We are very pleased how it has gone last season from the playing side and we do feel that the spectators have improved tremendously, but it is obviously our example on the field which is going to help, and we strove very hard to tell players in our AGMs and regional meetings that they have got to behave themselves; and we have a code of conduct now and are doing our utmost to produce the goods on the field and also show the right behaviour; so hopefully, in the new season coming, it will produce the good standard that we think we have set ourselves from last season. Thank you.

Prime Minister

I should also add that Mr. Talbot says that the players are doing as much as they can to help young [end p4] people who are interested in football, and also to provide other activities for young people where football grounds can be used. We are very grateful for that.

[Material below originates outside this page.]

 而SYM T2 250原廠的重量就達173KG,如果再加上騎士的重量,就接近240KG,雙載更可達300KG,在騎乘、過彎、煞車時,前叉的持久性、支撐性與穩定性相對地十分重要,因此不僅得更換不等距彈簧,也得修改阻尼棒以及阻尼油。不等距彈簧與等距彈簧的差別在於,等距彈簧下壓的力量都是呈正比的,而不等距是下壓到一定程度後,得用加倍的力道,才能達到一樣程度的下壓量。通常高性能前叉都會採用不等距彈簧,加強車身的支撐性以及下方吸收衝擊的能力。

Mr. Croker, I am sure you would like to say a word.

Mr. Croker

The only thing I think we could add, Prime Minister, is how much we appreciate the reaction of the general public. I believe that if there has been a vast improvement last year, and I do not think anyone would doubt that, it has been this enormous reaction from the general public against hooliganism. There are so many people who are dedicated to football, who realise that this traditional game of ours is not just our national game, but the world's national game and that it does mean a great deal to this country; it means a great deal to the young people who play it—the millions of young people who play it—and there is this enormous public reaction and it is an extension of that public reaction that we hope will ostracise these few individuals who would try and kill or damage this wonderful game of ours.

Prime Minister

In other words, determination to beat the hooligans who would otherwise ruin the game.

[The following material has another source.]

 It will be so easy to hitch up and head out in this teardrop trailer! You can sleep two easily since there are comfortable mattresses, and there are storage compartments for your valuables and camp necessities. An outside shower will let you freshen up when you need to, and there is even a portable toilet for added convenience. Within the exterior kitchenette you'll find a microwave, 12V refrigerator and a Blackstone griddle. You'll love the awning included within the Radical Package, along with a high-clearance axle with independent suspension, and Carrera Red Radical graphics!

Would anyone else like to say anything? [end p5]

Dick Tracey will continue, of course, to be very vigilant in this field and to work with all of the football authorities, so it really is a success story of cooperation.

Thank you very much.

Question (BBC Television News)

Prime Minister, could we just ask you for your reaction to the news that another team has pulled out of the Commonwealth Games?

Prime Minister

No, you may not. We are talking about football and our success here this morning and our success not only here this morning, but our success through the season, and I hope you will report the very good news for Britain; that we are beating hooliganism in football and we are determined to go on.

Question

At the week-end, there was an unfortunate incident in Bradford, where three sectors of hooligans, loosely associated with football clubs—not necessarily football supporters—were involved in street violence in Bradford, which resulted in the death of one youth. [end p6]

Obviously, it was not related to a football match, but it was a hooligan element.

Prime Minister

I think that must be a matter for the police and, as you know, once it is a matter for the police, we cannot comment.

We would like to say how much we admire the work that the police do.